In this work, DMC based non-isocyanate polyether-based polyurethanes with various hard segment have been prepared. Influence of chemical structure of hard segment on the properties of non-isocyanate polyether-based polyurethanes has been investigated for the first time. The properties of the obtained polymers were systematically characterized by 1H NMR, FT-IR, GPC, DSC, WAXD, SAXS, AFM and tensile testing.

2. Materials and Methods

2.1. Materials

DMC was used as received from Shandong Shida Shenghua Chemical (Shandong, China). 1,6-hexanediamine (HDA), butanediol (BDO), hexanediol, octanediol, decanediol were bought from J&K Chemicals (Beijing, China) and used without purification, tetrabutyl titanate (TBT) and K2CO3 were purchased from Beijing Chemical Reagents Corp. (Beijing, China) and used without purification. Sodium acetate, and deuterated methyl sulfoxide were bought from Beijing InnoChem Science & Technology Corp (Beijing, China) and used without purification. Poly(tetramethylene ether) glycol (PTMG, Mn = 2000 g/mol) was purchased from Aladdin (Shanghai, China) and used without purification.

2.2. Synthesis of Bis-1,6-hexamethylencarbamate (BHC)

Bis-1,6-hexamethylencarbamate (BHC) was synthesized from DMC and HDA according to the reference, using DMC as the solvent [33]. Crude yield: 84%. 1H NMR data (400 MHz, DMSO-d6, δ in ppm): 7.06 (br, 2H, NH); 3.50 (s, 6H, OCH3); 2.97–2.92 (q, 4H, CH2NH); 1.38–1.35 (m, 4H, CH2CH2NH); 1.24–1.20 (m, 4H, CH2CH2CH2NH).

2.3. Synthesis of Polyurethane Diol (PUDL)

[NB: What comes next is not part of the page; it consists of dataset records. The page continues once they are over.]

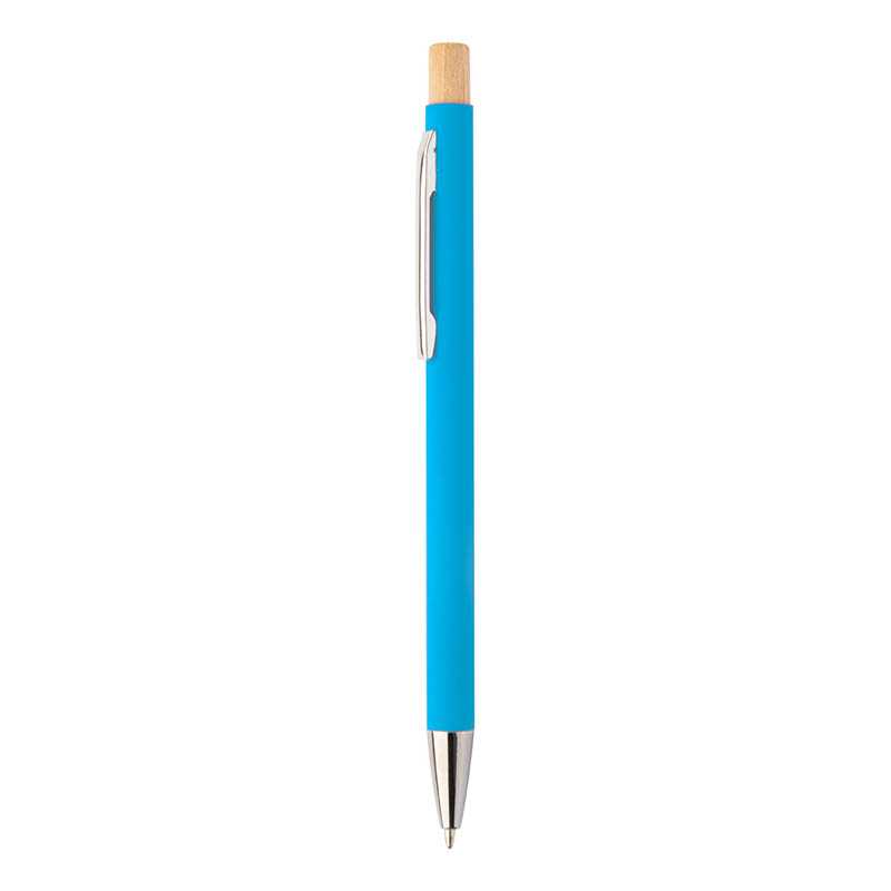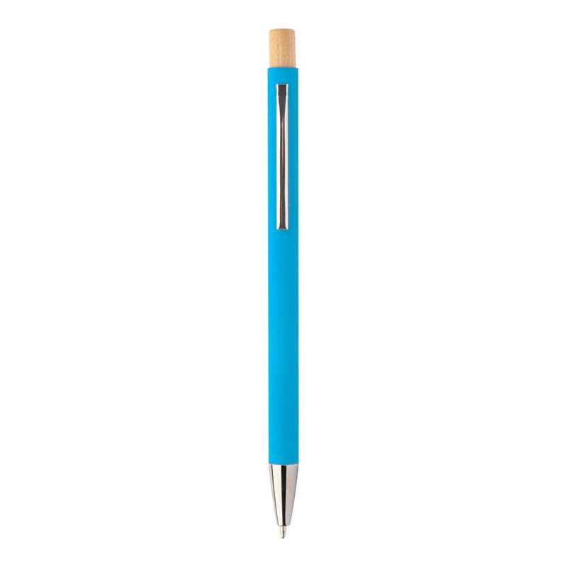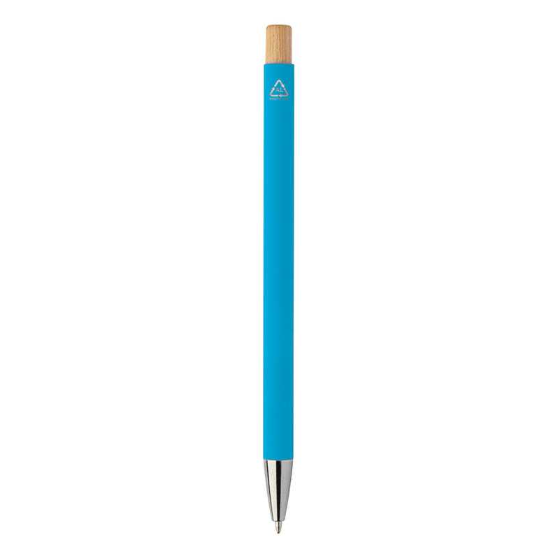 Guľôčkové pero z recyklovaného hliníka s pogumovaným povrchom a bambusovým tlačidlom a chrómovými detailmi. So špeciálnou vrstvou na zrkadlové laserové gravírovanie. S modrou náplňou.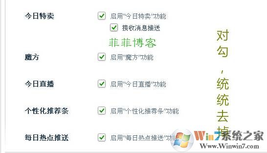 找到什么“今日特賣”、“個性化推薦條”、“今日直播”等等根本用不到的話,統(tǒng)統(tǒng)點擊去掉前面的“對勾”關(guān)掉,瞬間趕腳全世界都安靜了。。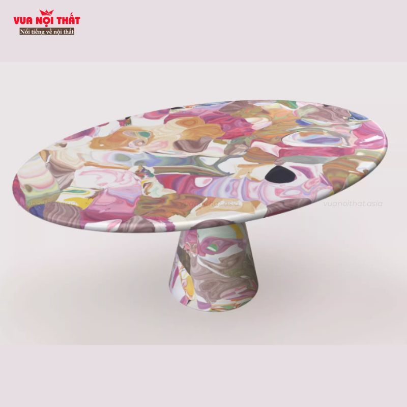 Bàn decor composite họa tiết độc đáo CPS22 là mẫu bàn sofa, bàn ăn độc đáo, hiện đại. Mẫu bàn decor này được chế tác từ chất liệu composite cao cấp, bền chắc, chống cong vênh và dễ vệ sinh. Điểm nổi bật nhất là phần bề mặt được sơn tay họa tiết trừu tượng, mới lạ, độc đáo và đầy cá tính. Mỗi đường nét màu sắc đều toát lên sự sáng tạo, biến chiếc bàn không chỉ là nội thất mà còn là một tác phẩm nghệ thuật thực thụ. Với thiết kế chân trụ vững chãi kết hợp mặt bàn hình oval sang trọng, bàn decor CPS22 phù hợp cho phòng khách, phòng trưng bày hay cả phòng ăn. Nội dung bài viết dưới đây, hãy cùng Vuanoithat tìm hiểu chi tiết về bàn decor nhập khẩu họa tiết độc đáo CPS22 được quan tâm nhiều hiện nay.

There are two steps for synthesis of PUDL. The first step is the transesterification reaction. Nitrogen was passed into the four-necked flask with a condenser and mechanical stirring device. When the temperature reached 120 °C, BHC and diol (BDO or hexanediol or octanediol) (molar ratio BHC to diol = 1/2) were added and mixed uniformly, then the catalyst potassium carbonate (0.1 wt% of BHC mass) was fed. The reaction system was slowly heated to 165 °C and maintained for 5 h until no more methanol distils out. The second step was polycondensation. Vacuum was applied to the reaction system until the pressure dropped below 20 Pa and kept for 1 h to distil out the excess glycol. As the boiling point of decanediol is around 300 °C at 101 kPa, 192 °C at 2.67 kPa, 170 °C at 1.07 kPa, it could be distilled at 170 °C at 20 Pa during polycondensation. Other diols with lower molecular weight have lower boiling points than decanediol, and they could be distilled at 170 °C at 20 Pa during polycondensation. Therefore, the hydroxyl-terminated prepolymer PUDL was obtained. The synthesized PUDL was named as PUDL4, PUDL6, PUDL8, and PUDL10 according to the number of carbon atoms of the diol. The chemical structure and number average molecular weight of the prepolymer was characterized by hydrogen nuclear magnetic spectroscopy.

1H NMR data (400 MHz, DMSO-d6, δ in ppm): 6.45 (–NHC(O)O–); 4.10(–OC(O)OCH2–); 3.97–3.94 (–NHC(O)OCH2–); 3.38 (–CH2O–) 3.02–2.98 (–CH2NH–); 1.57–1.21 (–CH2–).

2.4. Synthesis of Polyether Polyurethane (PEU)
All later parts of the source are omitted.